On Wednesday, April 12, 2006 2:26 AM +0200 Dirk <[EMAIL PROTECTED]> wrote:
In order to solve this issue, I'm thinking of embedding my own
windows-1252 to UTF-8 conversion table into the ssphys programm. Then I
would output UTF-8 encoded strings and everybody would be happy.
Is there any code for copy'n pasting around?

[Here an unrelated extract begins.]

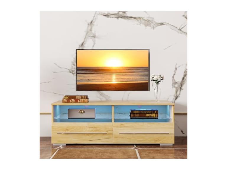 - 【TV Stand with LED Lights】 Our LED TV cabinet comes with a built-in adjustable LED system featuring 16 colors and 4 color flashing modes. Create a vibrant and colorful atmosphere in your home, adding a dash of excitement and beauty to your entertainment center.
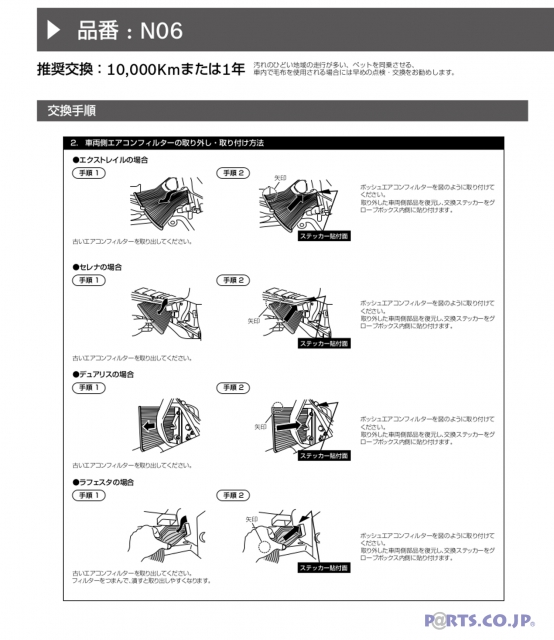 ※必ず適合(車種、年式、形式等)をご確認の上お買い求めください。※作業手順は例であり、実写と異なる場合があります。※製品に同梱されている取扱説明書の「取付・使用上の注意事項」をお読みください。※使用済のエアコンフィルターを清掃して再利用することは出来ません.

There's a 1252-to-UTF8 conversion routine here:
<http://discuss.joelonsoftware.com/default.asp?joel.3.325282.13>
The author, Ben Bryant, initially says it's for 8859-1 but then corrects
himself in a subsequent post.
The trick is to pass anything outside the problem band (0x7f to 0x9f) since
it's already the same as UTF-8, and only do the lookup and conversion for
those 17 characters using a small table of equivalent Unicode points and
the appropriate UTF escape mechanism.
I think the CXMLFormatter wants to use UTF-8 for the output encoding. I
don't think you need to set the locale. Digging further, it looks like the
place to fix this is in sanitizeForXML in XML.cpp. Instead of converting
invalid characters to underscores, use the table lookup and regenerate the
string.
I haven't yet dug far enough to see what consumes the resulting XML. Does
that understand the multi-byte UTF-8 characters that would result from this
conversion?
The other possibility is to ignore the conversion here and suppress the
sanitizer, and declare the encoding as Windows-1252, on the assumption that
the XML consumer knows how to read that. Again, don't setlocale(), as we're
not using the locale features of iostream to render the output (I don't
think). Or maybe setlocal("C") to suppress any locale processing. The
setlocale can happen around the call to TiXmlDocument::Print in
~CXMLFormatter to isolate its effect to the file output.
It looks like tinyxml uses fprintf for everything. If it really wanted to
be tiny, it probably should have used fwrite. I don't think that pays
attention to the locale and treats everything as binary.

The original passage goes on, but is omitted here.